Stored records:
_ _ _ _

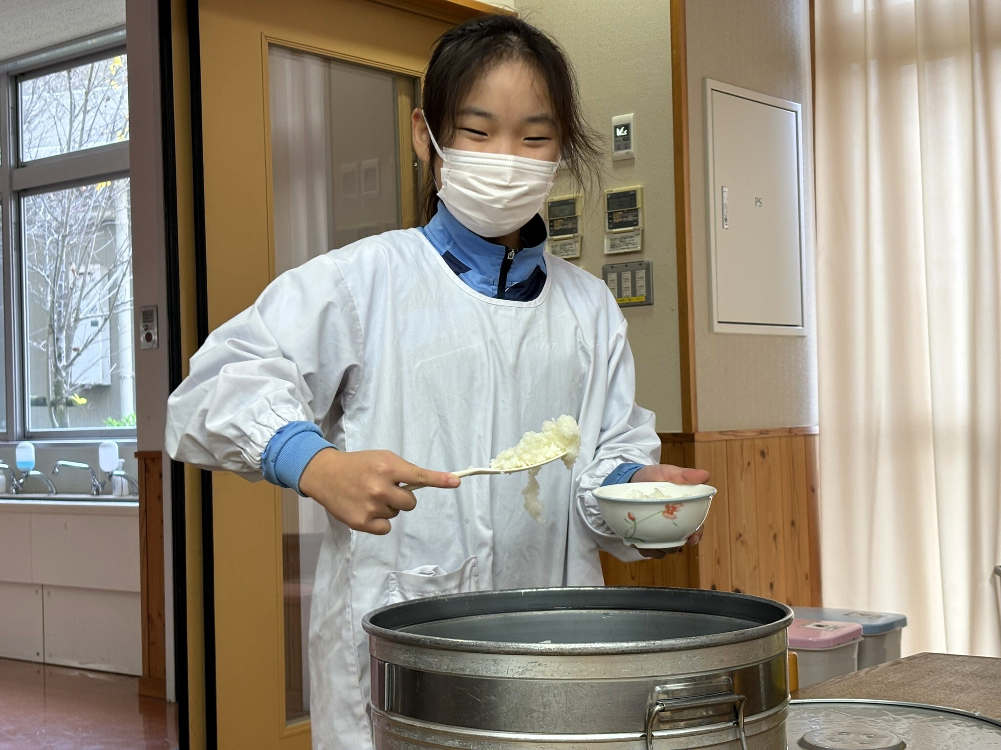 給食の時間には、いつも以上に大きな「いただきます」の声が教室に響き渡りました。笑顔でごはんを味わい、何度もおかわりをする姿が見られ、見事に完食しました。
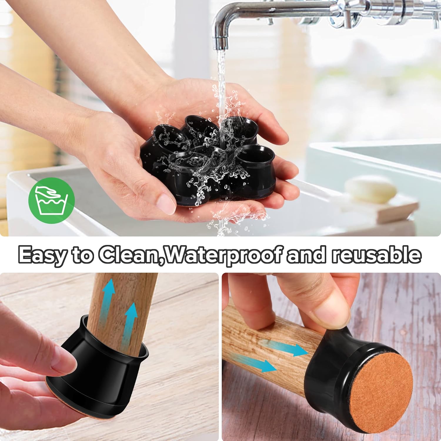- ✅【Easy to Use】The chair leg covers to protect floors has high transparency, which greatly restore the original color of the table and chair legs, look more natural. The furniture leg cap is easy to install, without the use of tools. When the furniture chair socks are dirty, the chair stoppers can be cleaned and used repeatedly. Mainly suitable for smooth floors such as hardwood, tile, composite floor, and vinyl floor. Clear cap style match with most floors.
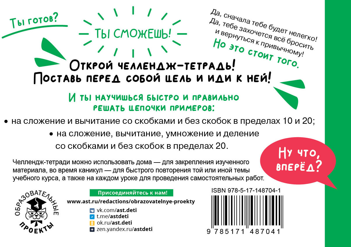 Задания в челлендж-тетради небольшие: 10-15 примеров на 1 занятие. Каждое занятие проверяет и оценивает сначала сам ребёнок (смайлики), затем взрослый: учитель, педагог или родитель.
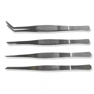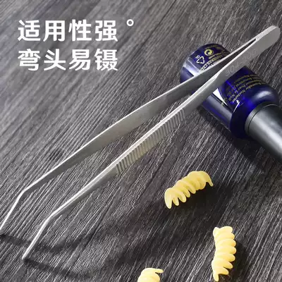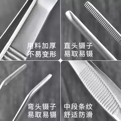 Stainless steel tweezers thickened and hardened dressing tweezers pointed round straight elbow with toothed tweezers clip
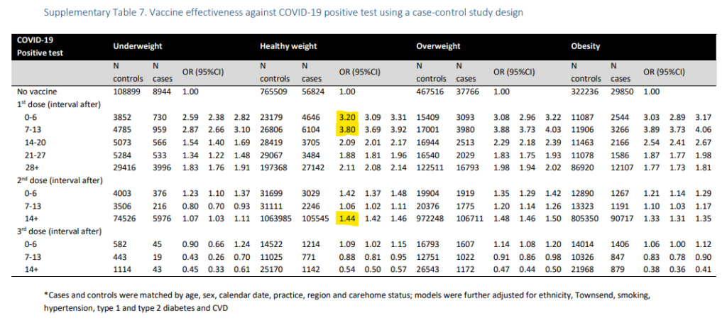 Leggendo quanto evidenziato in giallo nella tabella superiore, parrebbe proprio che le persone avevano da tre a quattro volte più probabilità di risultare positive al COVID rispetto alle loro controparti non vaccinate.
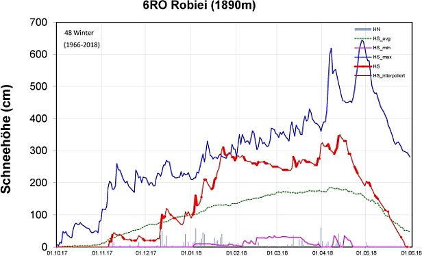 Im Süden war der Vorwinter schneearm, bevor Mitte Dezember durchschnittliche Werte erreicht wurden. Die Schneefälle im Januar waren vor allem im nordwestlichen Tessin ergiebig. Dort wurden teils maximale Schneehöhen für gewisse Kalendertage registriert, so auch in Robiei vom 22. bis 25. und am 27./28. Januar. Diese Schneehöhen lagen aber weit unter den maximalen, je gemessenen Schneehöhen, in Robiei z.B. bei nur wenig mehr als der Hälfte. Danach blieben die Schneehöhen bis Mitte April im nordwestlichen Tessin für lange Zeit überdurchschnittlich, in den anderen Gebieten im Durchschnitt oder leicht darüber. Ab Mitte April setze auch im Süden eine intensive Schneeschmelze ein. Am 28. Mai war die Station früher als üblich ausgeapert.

_ _ _ _

▸ About this task: The entries must be written out again unchanged. Images are to be left out.

▸ Your response:
 給食の時間には、いつも以上に大きな「いただきます」の声が教室に響き渡りました。笑顔でごはんを味わい、何度もおかわりをする姿が見られ、見事に完食しました。
- ✅【Easy to Use】The chair leg covers to protect floors has high transparency, which greatly restore the original color of the table and chair legs, look more natural. The furniture leg cap is easy to install, without the use of tools. When the furniture chair socks are dirty, the chair stoppers can be cleaned and used repeatedly. Mainly suitable for smooth floors such as hardwood, tile, composite floor, and vinyl floor. Clear cap style match with most floors.
 Задания в челлендж-тетради небольшие: 10-15 примеров на 1 занятие. Каждое занятие проверяет и оценивает сначала сам ребёнок (смайлики), затем взрослый: учитель, педагог или родитель.
 Stainless steel tweezers thickened and hardened dressing tweezers pointed round straight elbow with toothed tweezers clip
 Leggendo quanto evidenziato in giallo nella tabella superiore, parrebbe proprio che le persone avevano da tre a quattro volte più probabilità di risultare positive al COVID rispetto alle loro controparti non vaccinate.
 Im Süden war der Vorwinter schneearm, bevor Mitte Dezember durchschnittliche Werte erreicht wurden. Die Schneefälle im Januar waren vor allem im nordwestlichen Tessin ergiebig. Dort wurden teils maximale Schneehöhen für gewisse Kalendertage registriert, so auch in Robiei vom 22. bis 25. und am 27./28. Januar. Diese Schneehöhen lagen aber weit unter den maximalen, je gemessenen Schneehöhen, in Robiei z.B. bei nur wenig mehr als der Hälfte. Danach blieben die Schneehöhen bis Mitte April im nordwestlichen Tessin für lange Zeit überdurchschnittlich, in den anderen Gebieten im Durchschnitt oder leicht darüber. Ab Mitte April setze auch im Süden eine intensive Schneeschmelze ein. Am 28. Mai war die Station früher als üblich ausgeapert.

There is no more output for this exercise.